--- TRY IT ---
Please retype every record below exactly, leaving the pictures out.

Dataset items
+-------+
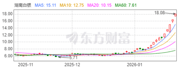 1月26日,湖南白银股价大涨。截至收盘,湖南白银上涨9.98%,收盘价为18.08元,收盘价创历史新高。近一年公司股价累计上涨409.30%。同花顺热榜数据显示,湖南白银人气值冲榜,人气排名从第10名上升至第6名,排名上升4位次。
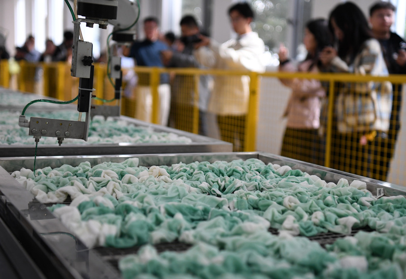 壮硕的蚕宝宝吃着最新研制的“饲料饼干”,在恒温恒湿的智能化蚕室结成一个个雪白的蚕茧;机器手臂上下挪移,拥有2000年历史的非遗扎染工艺在潮牌服饰上焕发新活力……10月23日,记者跟随“活力中国调研行”采访团走进南通海安的茧丝绸、纺织企业,看到一幕幕充满“科技感”的生产画面,实地感受“老手艺”如何闯出一条“突围路”。
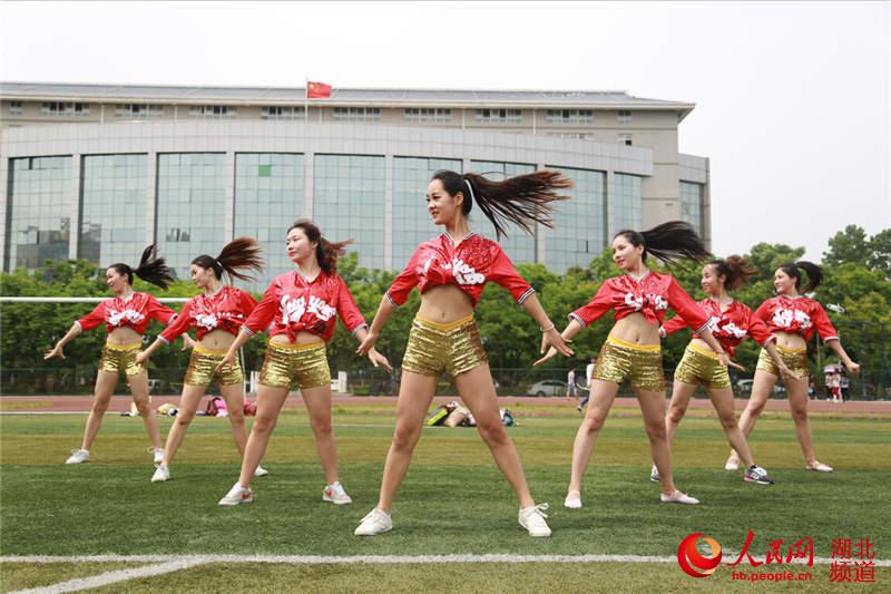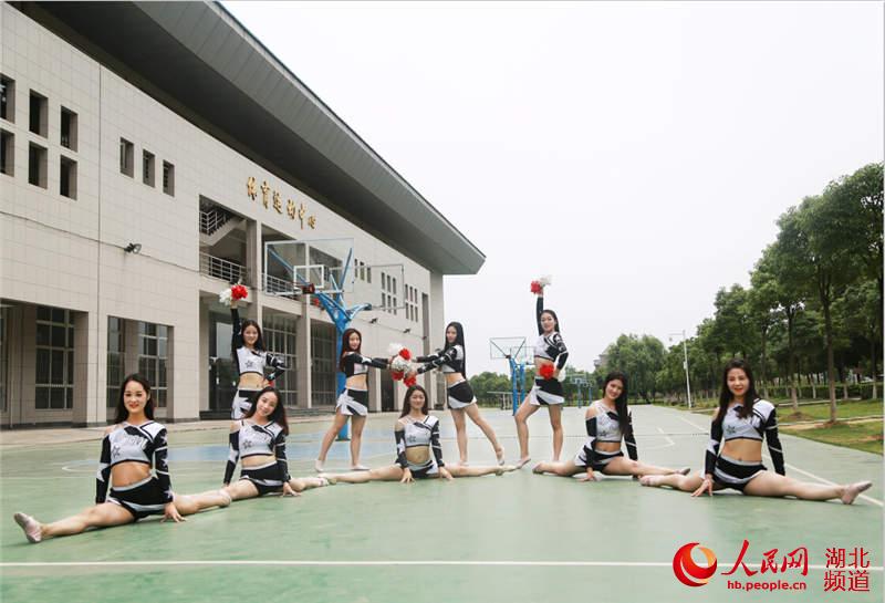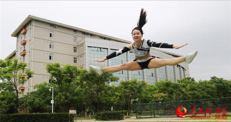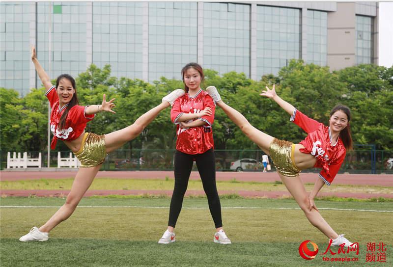 武汉5月15日电(通讯员罗袁璐 王铖焱 林倩 摄) 13日,武汉工商学院舞蹈啦啦队的一组“一字马”图片被该校官方微博、微信和贴吧发出后迅速爆红网络,截止14日上午10:30,官方微博阅读量突破4000次,各路微博大V和APP纷纷转发和点赞,读者们纷纷惊呼:被啦啦队队员们高超的柔韧度惊呆了!
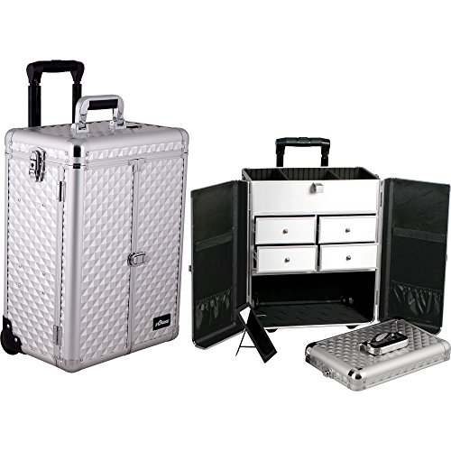 Sunrise E6305DMSL Silverdiamondinterchangeableprofessionalrollingaluminumcosmeticmakeupcraftstorageorganizercasefrenchdooropeningwithsplitdrawers-E6305, Silver
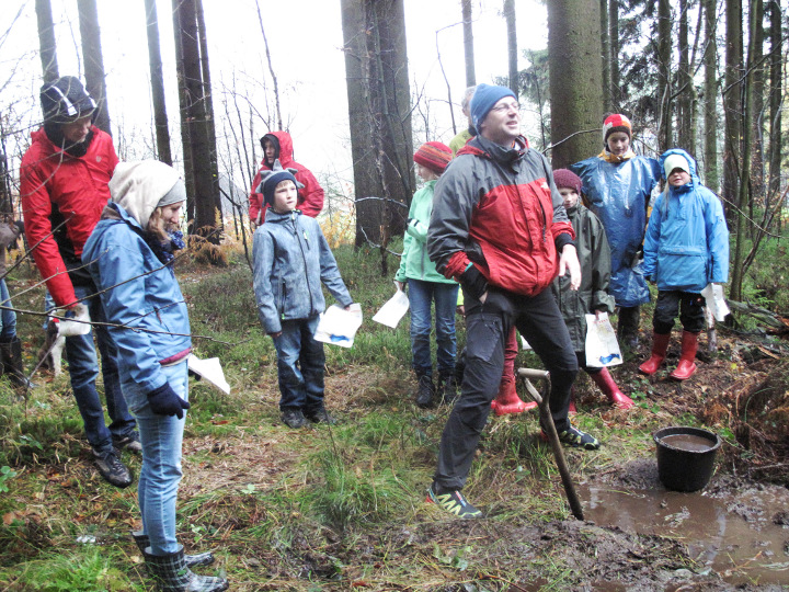 Als wir, "Team Auto", als O-Wandersleute verkleidet, mit der ältesten Tochter (samt Prinz) der Lengefelder OL-Königin - die zwischen dem All und dem Tag noch reichlich Karten erstellt, Zauberei! - als wir also nun an der Reihe sind, Wasser aus Schlamm zu schöpfen, nähert sich ein Wolf, gut, ein Hund, eine Hündin. Sie hüpft am wildesten herum. Die Kinderschar hinter ihr sieht und hört sich die erste Aufgabe gleich mit an. Erwachsene, wie Postmann Leibi, begleiten den Tross.
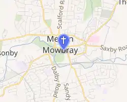 St Mary's Church is the largest and "stateliest" parish church in Leicestershire,[3] with visible remains dating mainly from the 13th-15th centuries. The stonework in the lowest section of the tower, which has Norman windows, dates from 1170, although there were certainly one or more Anglo-Saxon churches on this site before the Norman one. It is built on a plan more usual for cathedrals and the 100-foot tower dominates the town, and is a rare example of a parish church with aisled transepts (one of only five in the country) a feature usually found only in a cathedral. It contains a number of notable monuments including the tomb of Roger de Mowbray, 1st Baron Mowbray and others dating from the 14th to the 18th century; also a memorial tablet to equine artist John Ferneley (1782 to 1860).[4]
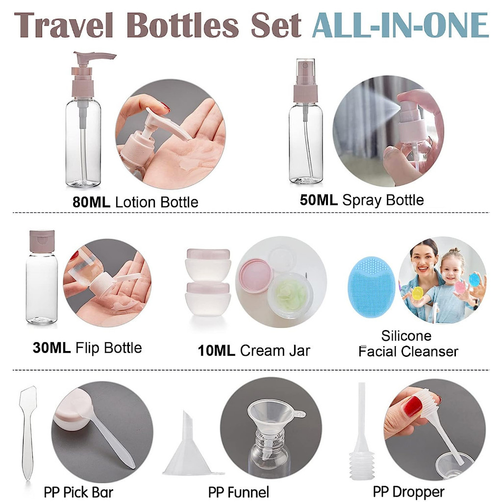 11pcs Travel Bottles Set Cosmetic Bottle Plastic Bottle Skincare Liquid Lotion Spray Bottle
+-------+
--- RESPONSE TO THE EXERCISE ---
 1月26日,湖南白银股价大涨。截至收盘,湖南白银上涨9.98%,收盘价为18.08元,收盘价创历史新高。近一年公司股价累计上涨409.30%。同花顺热榜数据显示,湖南白银人气值冲榜,人气排名从第10名上升至第6名,排名上升4位次。
 壮硕的蚕宝宝吃着最新研制的“饲料饼干”,在恒温恒湿的智能化蚕室结成一个个雪白的蚕茧;机器手臂上下挪移,拥有2000年历史的非遗扎染工艺在潮牌服饰上焕发新活力……10月23日,记者跟随“活力中国调研行”采访团走进南通海安的茧丝绸、纺织企业,看到一幕幕充满“科技感”的生产画面,实地感受“老手艺”如何闯出一条“突围路”。
 武汉5月15日电(通讯员罗袁璐 王铖焱 林倩 摄) 13日,武汉工商学院舞蹈啦啦队的一组“一字马”图片被该校官方微博、微信和贴吧发出后迅速爆红网络,截止14日上午10:30,官方微博阅读量突破4000次,各路微博大V和APP纷纷转发和点赞,读者们纷纷惊呼:被啦啦队队员们高超的柔韧度惊呆了!
 Sunrise E6305DMSL Silverdiamondinterchangeableprofessionalrollingaluminumcosmeticmakeupcraftstorageorganizercasefrenchdooropeningwithsplitdrawers-E6305, Silver
 Als wir, "Team Auto", als O-Wandersleute verkleidet, mit der ältesten Tochter (samt Prinz) der Lengefelder OL-Königin - die zwischen dem All und dem Tag noch reichlich Karten erstellt, Zauberei! - als wir also nun an der Reihe sind, Wasser aus Schlamm zu schöpfen, nähert sich ein Wolf, gut, ein Hund, eine Hündin. Sie hüpft am wildesten herum. Die Kinderschar hinter ihr sieht und hört sich die erste Aufgabe gleich mit an. Erwachsene, wie Postmann Leibi, begleiten den Tross.
 St Mary's Church is the largest and "stateliest" parish church in Leicestershire,[3] with visible remains dating mainly from the 13th-15th centuries. The stonework in the lowest section of the tower, which has Norman windows, dates from 1170, although there were certainly one or more Anglo-Saxon churches on this site before the Norman one. It is built on a plan more usual for cathedrals and the 100-foot tower dominates the town, and is a rare example of a parish church with aisled transepts (one of only five in the country) a feature usually found only in a cathedral. It contains a number of notable monuments including the tomb of Roger de Mowbray, 1st Baron Mowbray and others dating from the 14th to the 18th century; also a memorial tablet to equine artist John Ferneley (1782 to 1860).[4]
 11pcs Travel Bottles Set Cosmetic Bottle Plastic Bottle Skincare Liquid Lotion Spray Bottle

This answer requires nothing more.